Here we hypothesize another situation to further study the impact of E₀/U₀. The additional U₀ caused by the insertion devices can be gradually varied while fixing the nominal energy E₀. Other related variables, the radiation damping partition number Ji, the energy spread σδ, and the natural emittance ϵ₀ will change correspondingly. For each specific value of E₀/U₀, estimated values are determined by C0 and by simulation results derived from ELEGANT. The results are shown in Fig. 13. Except for a few point deviations, the general trend by the estimation formula C0 fits well with the simulation results. Along with the increase of E₀/U₀, the ratio of the single bunch threshold N’/N₀ decreases from 1 to approximately 0.7.

Fig. 13.Full-screen View

(Color online) Tuning of E₀/U₀, where the estimated values of N’/N₀ are obtained by approximation formula C0, while the simulation results are obtained from ELEGANT.

6 Conclusion

We have presented discussions on RF jitter and TMCI regarding a triple-frequency RF system, and our starting point is to determine whether there is unexpected divergence under this special environment. In terms of a triple-frequency RF system itself, the other two harmonic cavities help to tune the total V(z) and lengthen the original static bucket. Further, the triple system is similar to a conventional bunch-lengthening RF system. As we mentioned in Section 3, there is very little power exchange with the beam except for the fundamental cavities. RF jitter is considered important to stabilize the circular bunch, while it is not as crucial for the injection process. As for the continuous shift of the bunch centroid, an effective method to restrain this shift is to control the amplitude of the RF jitter noise.
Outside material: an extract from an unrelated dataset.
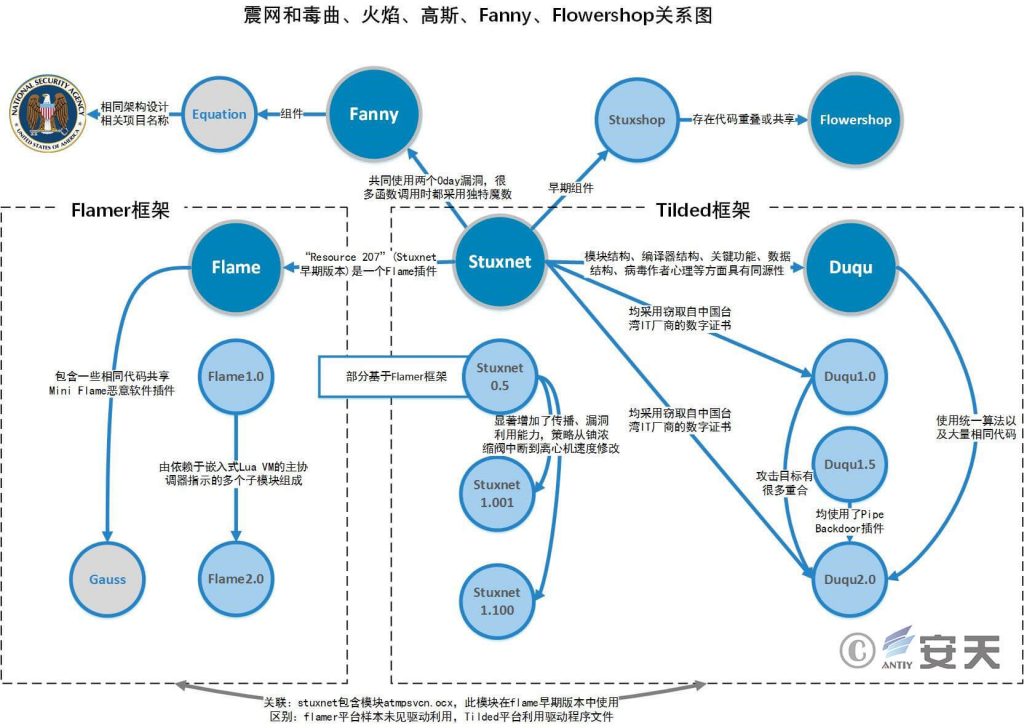 In a follow-up analysis of the Stuxnet in 2011, Antiy suggested the possible homology between the Stuxnet and the virus [2] [3]. Through the comparison of key code structure, key using method and code logic between virus and stuxnet worm, we find a lot of identical or similar code fragments, and prove our conjecture [4]. Antiy’s conclusion at that time was that “through the comparison of key code structure, key use method and code logic between virus and stuxnet worm, we found a large number of identical or similar code segments. This indicates that there is a code reuse relationship between the two, or that both are developed based on the same code framework. “But the question of whether the relationship to reuse or the development of the same framework was inconclusive at the time. Combining the later analysis results and progress of other organizations, it can be concluded that at least two malicious code frameworks, namely, Tilded and Flamer, have been maintained by the relevant A2PT attack organizations. Stuxnet, Toxic and Flame, and Gauss are developed based on the Tilded and Flamer frameworks respectively. On June 11, 2012, Kaspersky released a report that the earlier version of the 2009 version of the Stuxnet module (called “Resource 207”) was actually a Flame plugin. The result is a concatenation of two completely different frameworks, Flamer and Tilded. The malicious code based on these two frameworks has unique skills in infecting target systems and executing major tasks, both of which are used to develop different net-to-air attack equipment. Kaspersky concludes that the teams behind the two frameworks have shared the source code of at least one module, indicating that they have worked as a team at least once, and that they are two parallel projects belonging to the same institution [12]. Based on more clues, you can also string together Fanny and Flowershop with the above events, as shown in Figure 7.[2][3][4]Figure 7 Relationship between Shake-net and Toxic Warp, Flame, Gauss, Fanny, and Flowshop 7

In terms of the bunch in the environment using a triple-frequency RF system, TMCI is one of the single bunch instabilities, and TMCI’s role is similar in a double-frequency RF system. Furthermore, because of the similar longitudinal distribution in both double- and triple- frequency systems, the basic theoretical framework is still applicable, and by applying the approximation formula C0, the impact of the TMCI on the single bunch current threshold of a triple-frequency system can therefore be reasonably estimated.